The method of formation of powerful impulses of current in the low impedance load and the device for its implementation

 

(57) Abstract:

The invention relates to power electronics and can be used in devices for testing circuit breakers. Achievable technical result is the reduction of the amplitude of the pulses of the current consumed from the mains supply. In the method of formation of powerful impulses of current in the low impedance load after passing the supply voltage through zero takes place simultaneously with connection of the mains supply to the coils of the primary winding of the transformer connecting the capacitor is charged to voltage selectable from the ratio determined by the ratio of the number of coils which are connected to the capacitor, to the number of turns of the primary winding multiplied by the peak value of the mains voltage. Device for the formation of powerful impulses of current in the low impedance load includes a transformer with a load in the secondary winding, two bi-directional key, a source of alternating voltage, a control device, the capacitor and the device charge. 2 S. p. f-crystals, 8 ill.

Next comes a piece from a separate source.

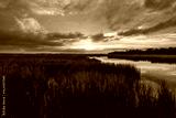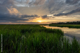 Sunset over a tranquil marsh highlighting lush greenery and reflective water in a serene landscape
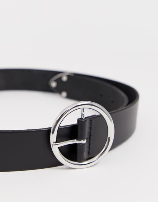 ASOS Leather Circle Buckle Jeans Belt with Tipped End

The invention relates to power electronics and can be used in devices for testing circuit breakers.

Known embedded winding. The method consists in that the primary winding of the transformer connected to the mains alternating current at an arbitrary time, without synchronization with the supply voltage [1].

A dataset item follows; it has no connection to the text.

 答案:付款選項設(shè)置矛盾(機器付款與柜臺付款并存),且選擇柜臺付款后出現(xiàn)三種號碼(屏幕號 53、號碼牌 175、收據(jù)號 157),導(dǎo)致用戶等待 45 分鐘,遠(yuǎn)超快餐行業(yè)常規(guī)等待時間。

However, the known method is characterized by the consumption from the mains supply a large current.

Closest to the proposed by its technical essence is a method, involving the use of a transformer with the load in the secondary winding, characterized by the fact that the primary winding of the transformer connected to the mains supply after a predetermined period of time after passing the supply voltage through zero, i.e. synchronization with mains voltage [2, 3].

However, the known method is characterized by the consumption of the network of large amplitude current pulses.

It is known device for the formation of a powerful current pulse containing the transformer with the load in the secondary winding, bi-directional key and the AC voltage [1]. The pulses of the load current is generated at the circuit bi-directional key, and the key is locked at an arbitrary time, without synchronization with the voltage of AC source voltage.

Closest to the proposed by its technical essence is the device containing the transformer with the load in the secondary winding, bidirectional managed key control device and a source of alternating voltage. The current pulse load generated when the control device bi-directional key, and the key is switched on after a specified period of time after the passage of the voltage of the AC voltage crosses zero, i.e. synchronization with the voltage of AC source voltage [2, 3].

However, the known device is characterized by the consumption from a source of alternating voltage high current.

The objective of the invention is to reduce the amplitude of the pulses of the current consumed from the mains (AC power).

The method is implemented by a device for the formation of powerful impulses of current in the low impedance load, containing the transformer with the load in the secondary winding, bidirectional managed key source of alternating voltage, a control device, the device charge the capacitor and the second bidirectional driven key, and the capacitor is connected through ustroystvo charge - to the source of AC voltage.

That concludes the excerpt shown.